Sebuah studi terbaru menemukan adanya kaitan antara paparan asap kebakaran hutan pada trimester ketiga kehamilan dengan meningkatnya risiko anak mengalami autisme di usia dini. Penelitian ini menyoroti bahwa periode akhir kehamilan merupakan fase krusial perkembangan otak janin yang sangat sensitif terhadap polusi udara.

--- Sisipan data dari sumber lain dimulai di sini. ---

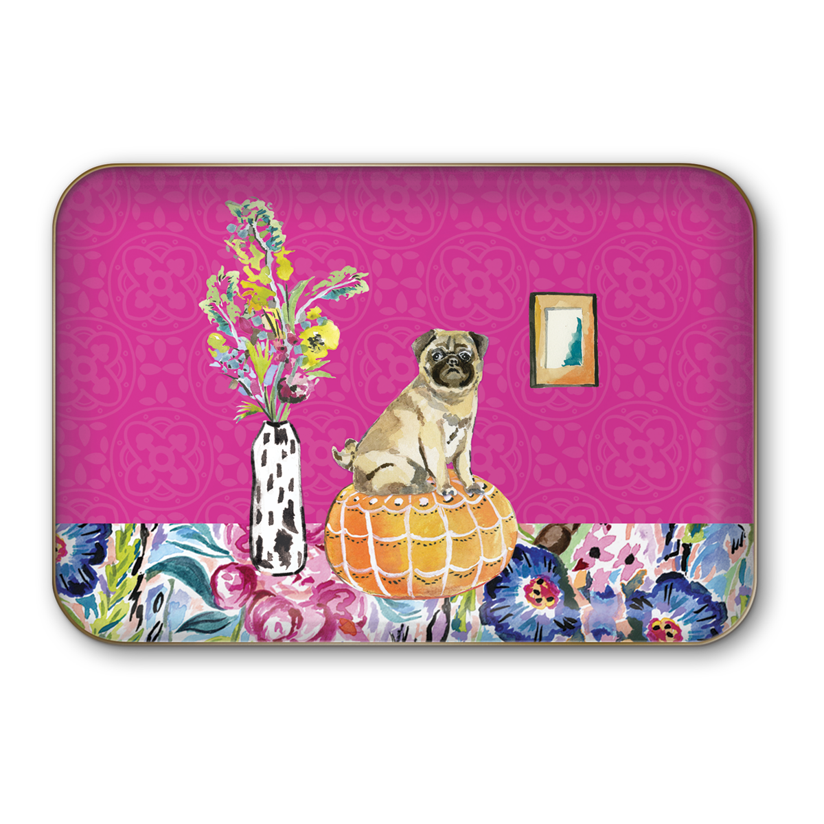 Pretty enough to hang on a wall as décor. Use a few of these little metal trays together on your nightstand, dressing table or craft area. Glossy printed surface is backed with gold metallic finish base.
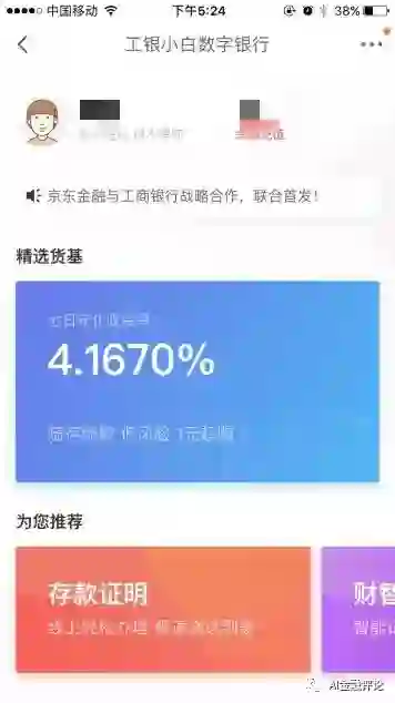 根据雷锋网AI金融评论了解,目前工银小白已在京东金融App上线,中国工商银行手机银行则不久后更新,上线该功能。据观察,工银小白设置在理财栏目。用户只需要上传身份证正反面,然后绑定银行卡账户,就可以成功开通一个工银小白账户,属于工商银行Ⅱ类账户。

Riset yang dipublikasikan dalam jurnal Environmental Science & Technology menganalisis data lebih dari 200 ribu kelahiran di California Selatan. Hasilnya menunjukkan bahwa ibu hamil yang terpapar asap karhutla selama lebih dari 10 hari menjelang persalinan memiliki risiko autisme pada anak hingga 23 persen lebih tinggi dibandingkan mereka yang tidak terpapar.
Asap kebakaran hutan mengandung partikel halus serta berbagai zat berbahaya yang dapat memicu peradangan dalam tubuh. Ketika terhirup oleh ibu hamil, partikel ini berpotensi mengganggu proses perkembangan saraf janin, terutama pada trimester ketiga saat otak berkembang dengan sangat cepat.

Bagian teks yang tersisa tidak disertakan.